20

Consider the following program:

public class Program
{
     private static Random _rnd = new Random();
     private static readonly int ITERATIONS = 5000000;
     private static readonly int RANDOM_MAX = 101;

     public static void Main(string[] args)
     {
          ConcurrentDictionary<int,int> dic = new ConcurrentDictionary<int,int>();

          Parallel.For(0, ITERATIONS, _ => dic.AddOrUpdate(_rnd.Next(1, RANDOM_MAX), 1, (k, v) => v + 1));

          foreach(var kv in dic)
             Console.WriteLine("{0} -> {1:0.00}%", kv.Key, ((double)kv.Value / ITERATIONS) * 100);
     }
}

This will print the following output:

(Note that the output will vary on each execution)

> 1 -> 97,38%
> 2 -> 0,03%
> 3 -> 0,03%
> 4 -> 0,03%
...
> 99 -> 0,03%
> 100 -> 0,03%

Why is the number 1 generated with such frequency?

Matias Cicero
  • 25,439
  • 13
  • 82
  • 154
  • 1
    Is parallel really relevant? Are you sure this doesn't happen without it? – rory.ap Feb 29 '16 at 14:11
  • 12
    `Random` is not thread-safe. – Lee Feb 29 '16 at 14:12
  • @roryap It doesn't happen with a normal for loop. At least on my machine. – Matias Cicero Feb 29 '16 at 14:13
  • `Random` class isn't threadsafe. You shouldn't be using it in multiple threads without synchronization. If you do, you should expect some weirdness. – Sriram Sakthivel Feb 29 '16 at 14:14
  • @MatiasCicero -- ok. you may want to clarify that in your question. – rory.ap Feb 29 '16 at 14:17
  • Have you looked at this: http://blogs.msdn.com/b/pfxteam/archive/2009/02/19/9434171.aspx?
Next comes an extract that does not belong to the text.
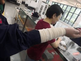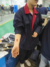 受伤员工手臂救护现场
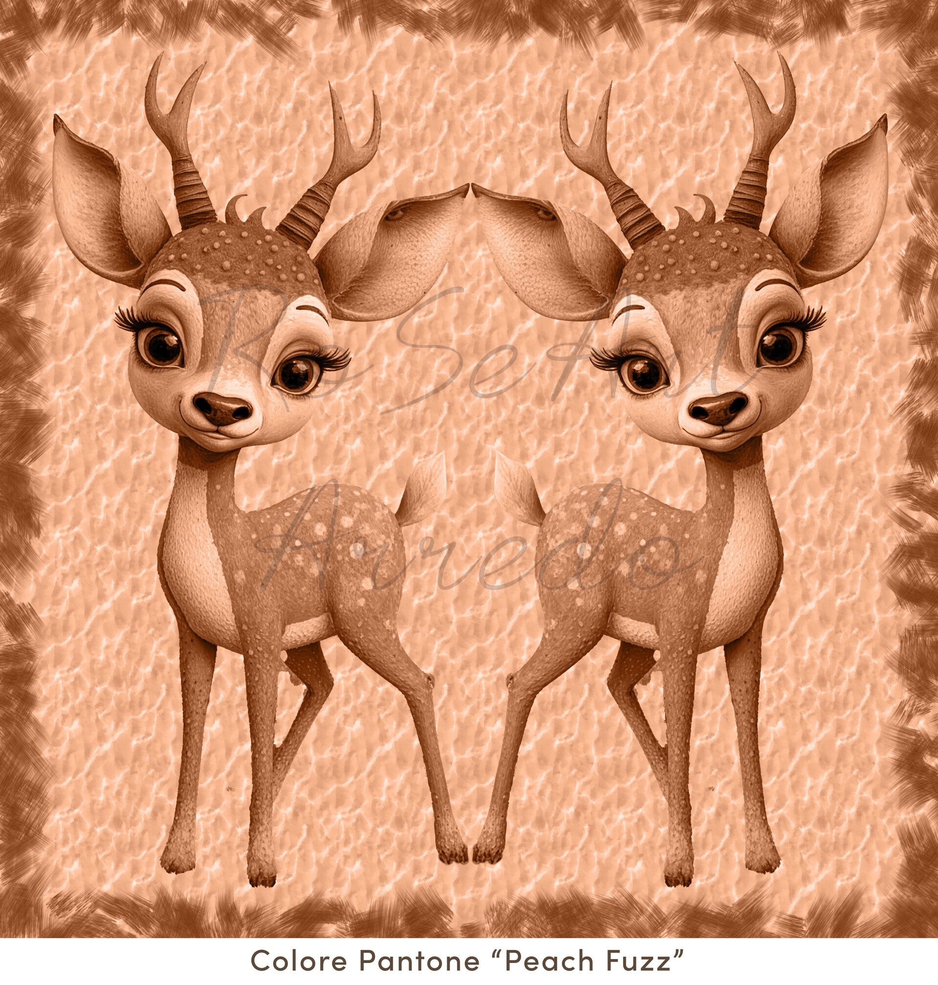 Due giovani cerbiatte, ritratte in simmetria perfetta, incarnano grazia e dolcezza. La tonalità Pantone “Mocha Mousse” avvolge l’intera scena, donando calore e armonia all’immagine. Uno sguardo tenero e curioso, che sembra invitare lo spettatore a entrare nella quiete del bosco.

Nice article about getting random numbers in thread safe way. – Dovydas Šopa Feb 29 '16 at 14:39
  • Use the .NET Framework [RNGCryptoServiceProvider Class](https://msdn.microsoft.com/en-us/library/system.security.cryptography.rngcryptoserviceprovider(v=vs.110).aspx), it does not need seeding and produces Cryptographic quality random numbers. See the answer by @Jesús López – zaph Feb 29 '16 at 15:50

3 Answers3

21

Random is not thread safe.

Next does nothing special at all to ensure thread safety.

Don't use Random like this. And don't consider using thread local storage duration either, else you will mess up the generator's statistical properties: You must only use one Random instance. One approach will be to use lock(_global) and draw a number in that locked region.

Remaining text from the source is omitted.